Warning: suicide discussed. May trigger some people.
Last week I had a really rough session with V. It’s easier for me to talk about it now, now that I have had some time to put things into perspective, but it is still a very difficult issue for me.
It’s about termination and the end of the work we do together. I don’t remember how V had brought it up because my immediate reaction was an emotional one – an intensely extreme one at that. Almost immediately I accused her of abandoning me. I wanted to bring up rage and anger, but that inevitably led to me breaking down in tears. The fear I felt was cataclysmic. The sadness was overwhelming. I had to leave V’s office to hide in the washroom for a while as the sobbing got the better of me. I was a mess.
V tried hard to let me know this wasn’t going to happen immediately. She said she would be willing to contract for another year, after which we may cut down sessions to fortnightly. It’s a professional relationship, I understood that, but it was tough to hear those words being said.
And no matter how she tried to reassure me she wouldn’t “dump” me, that was all I could hear her say. The foundation has to be laid. It is the beginning of the end. It may be another year from now, but the reality does not change, no matter how much I don’t want to hear or talk about it. And for that, she has to prepare me, knowing how hard it would be for me.
After the session, V wanted to make me a cup of tea and suggested that I sat in the waiting room for a while until I felt better. But I left immediately after the session and headed in to work. Throughout the day, I would break down into tears many times. It felt as though my entire world had come to a standstill and I couldn’t breathe, couldn’t imagine ever smiling, living, or eating again. I would call V again in the afternoon, seeking that reassurance that she was still there. Her words would be something I clung onto like a life preserver – “I will not abandon you”.
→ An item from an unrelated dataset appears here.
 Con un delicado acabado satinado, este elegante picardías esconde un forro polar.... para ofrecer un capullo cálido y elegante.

But that brings little comfort, even though it is enough to preserve my life for now. I cannot expect to be in therapy or to see V for the rest of my life. V works for a public service, and as such, resources are limited. Even though V has reassured me that termination would be made on a clinical basis, I know that there will come a time when it has to be done. Otherwise the ineffectiveness of therapy would have to be declared – to me, this is merely an “out” for those professionals to dump you if you are still not “better”.
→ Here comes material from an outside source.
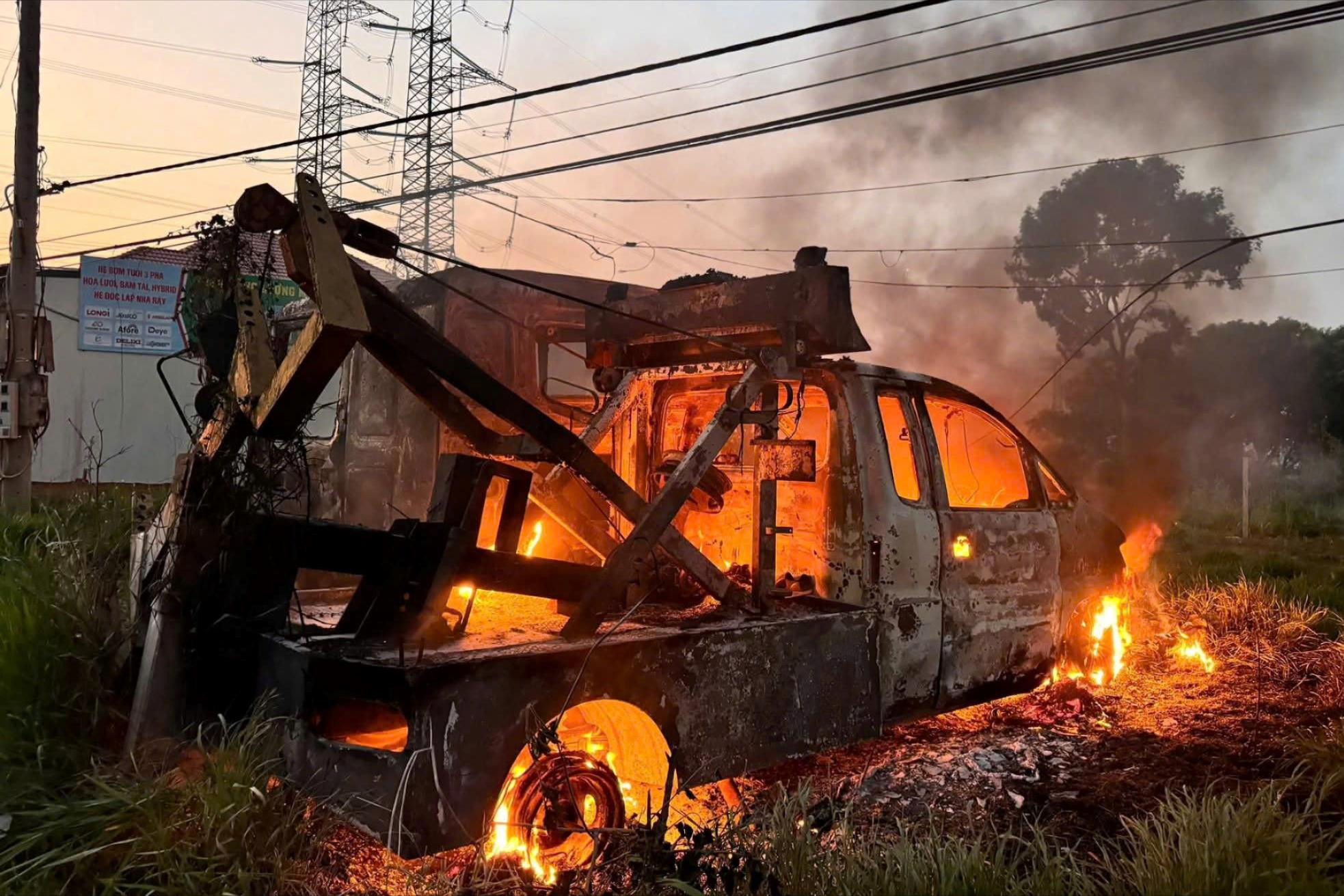Chiếc xe tải cứu hộ bị cháy rụi hoàn toàn. (Ảnh: Người dân cung cấp)

This whole week has been rough. I’ve had to consider the thought of existing without V and my conclusion at this point in time is that I cannot do it. If V had meant to dump me in the near future, say next week or next month, I know that the pain of that would drive me to suicide. A year from now? I don’t know, but I’ve lived this entire life fixated on one figure after another and a year from now, I know that an end to my relationship with V will still drive me to suicide.
So this week, my thoughts have hovered almost constantly on ending my life. I have no life without V. How sad is that? That my life has been reduced to my weekly therapy sessions. How shameful is that? My heart agonizes over this, over this insatiable need for care, for validation, for love. My heart is torn, over the shame of it all.
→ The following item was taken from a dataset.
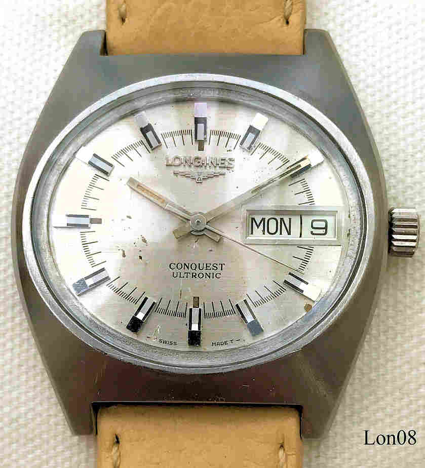 Dies ist eine Longines Conquest, Werk N° 51273531, Caliber 6332, ESA 9164, Edelstahl Gehäuse, geklemmter Edelstahlboden. Beschriftet vorn: ”Longines, Conquest, Ultronic”, hinten: ”Stainless Steel, 16860666”, innen: “Longines, 6332, 51273531, unadjusted, Twelve 12 Jewels”

I’ve been pretending to live an independent life when in truth, my entire world rests on one individual. My world is so extremely fragile. If that one individual is removed, my world will collapse. Did that surprise me? Yes. It surprised me a bit. I always knew I was attached to V, but it has struck me a somewhat unexpected blow to come to the realisation that I would need to take my own life if she wasn’t there anymore.
I’m scared. I’m scared about the possibility of this.